● **WORK ITEM**: With any pictures left out, restate word for word the lines in the listing below from the one holding "COPY - Textured" through the last.

● **RECORDED INFORMATION**:

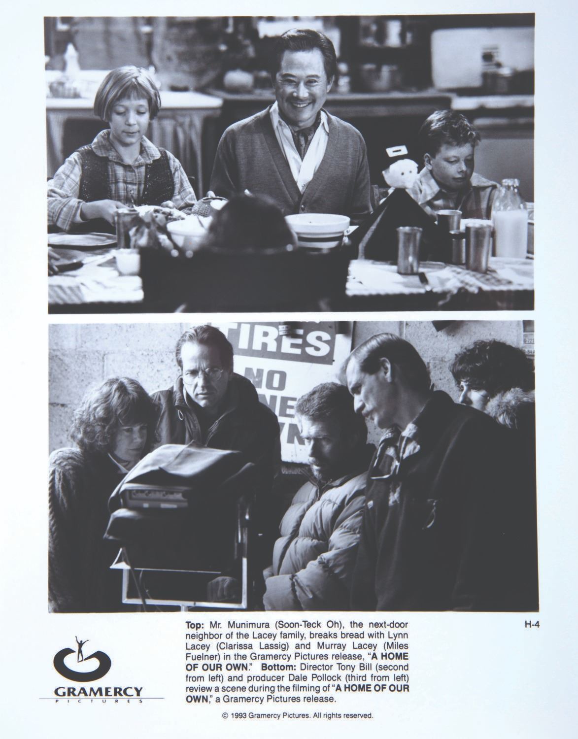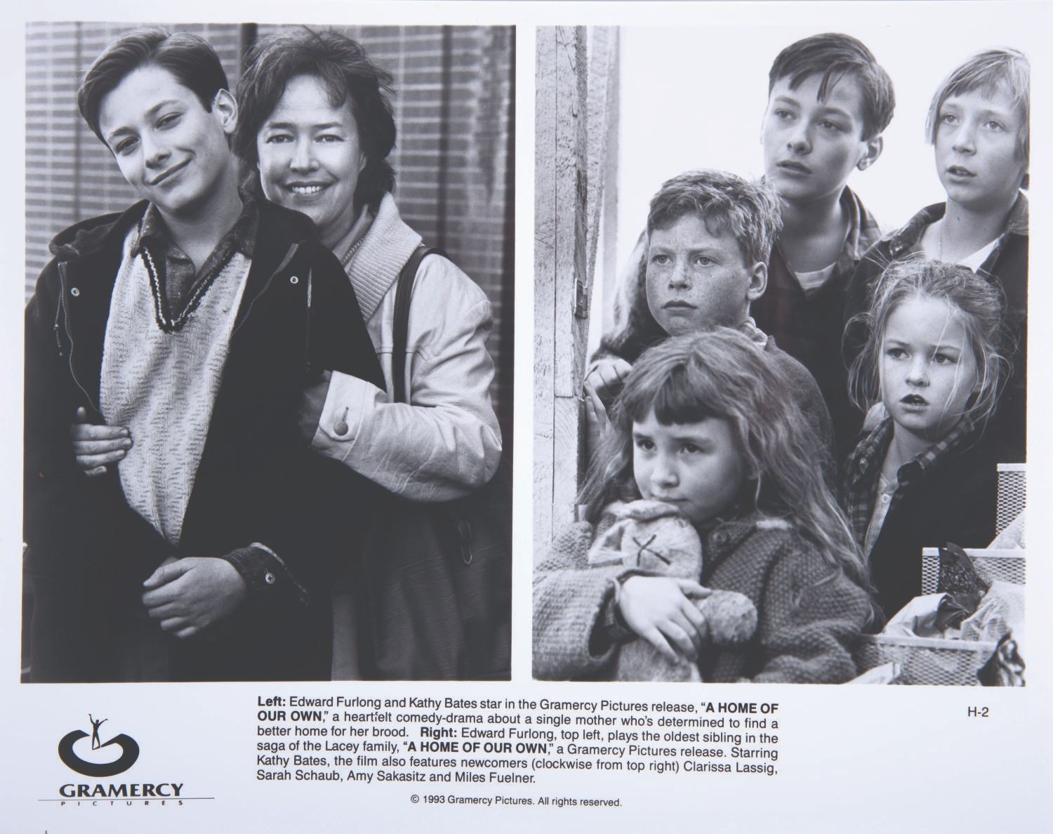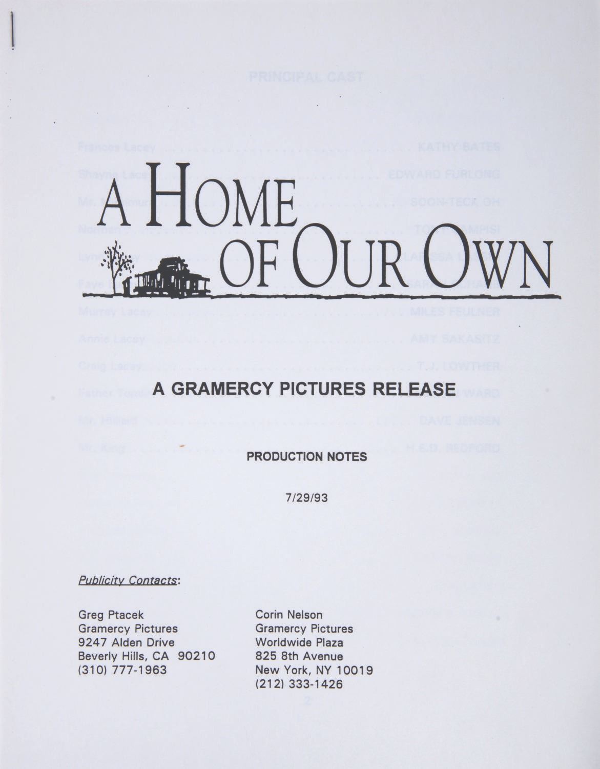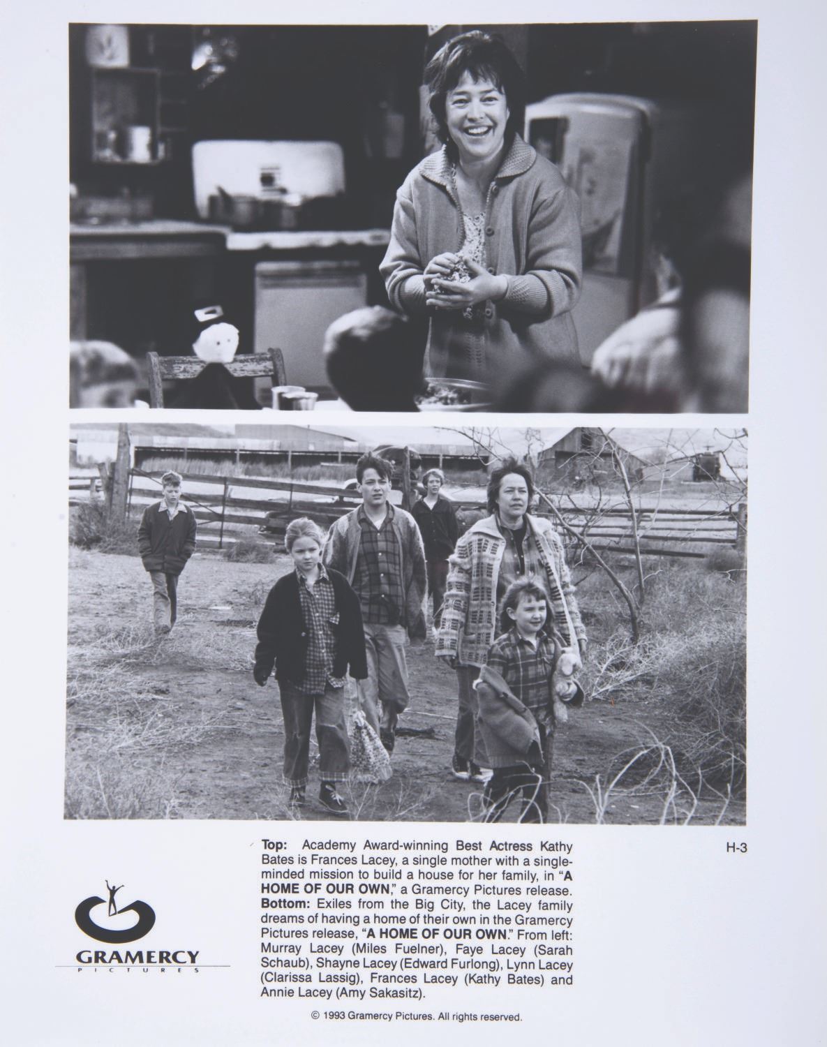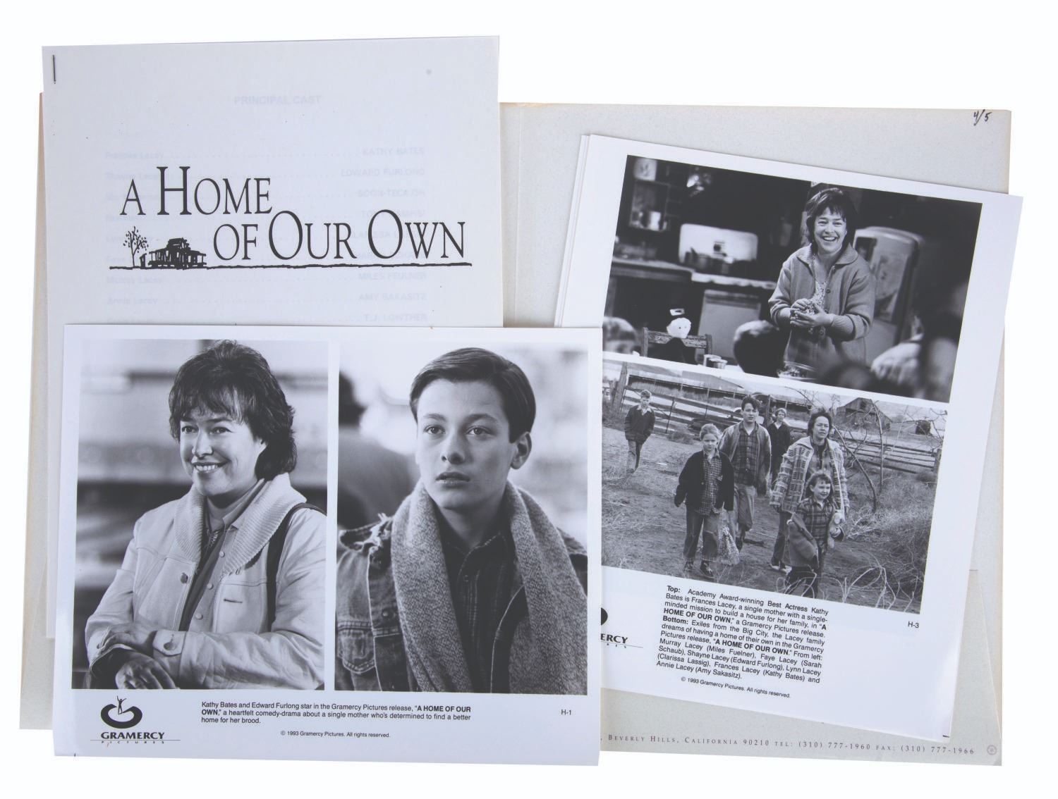 Gramercy Pictures, 1993) A Press Kit for the film A Home of Our Own starring Kathy Bates and Edward Furlong. The folder includes the film's production book, and (4) 2-up publicity stills with a total of (8) images. Measuring 9"x11.5", the press kit is in very good condition, with a scuff and light handling wear to the folder only.
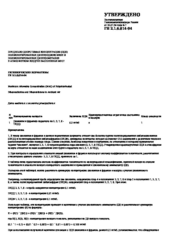 Предельно допустимая концентрация (ПДК) полихлорированных дибензодиоксинов и полихлорированных дибензофуранов в атмосферном во
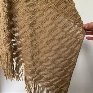COPY - Textured Neutral Blanket Poncho Fringe Wrap Scarf
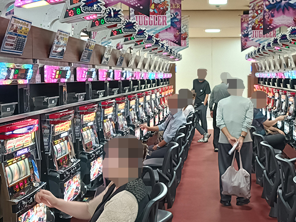 20円パチスロを見渡すと、「アイムジャグラーEX」や「ファンキージャグラー2」で理想的な展開を迎えたプレイヤーが見られ、シマ全体に華やかな光景が広がっていた。

● **OUTPUT BELOW**:
COPY - Textured Neutral Blanket Poncho Fringe Wrap Scarf
 20円パチスロを見渡すと、「アイムジャグラーEX」や「ファンキージャグラー2」で理想的な展開を迎えたプレイヤーが見られ、シマ全体に華やかな光景が広がっていた。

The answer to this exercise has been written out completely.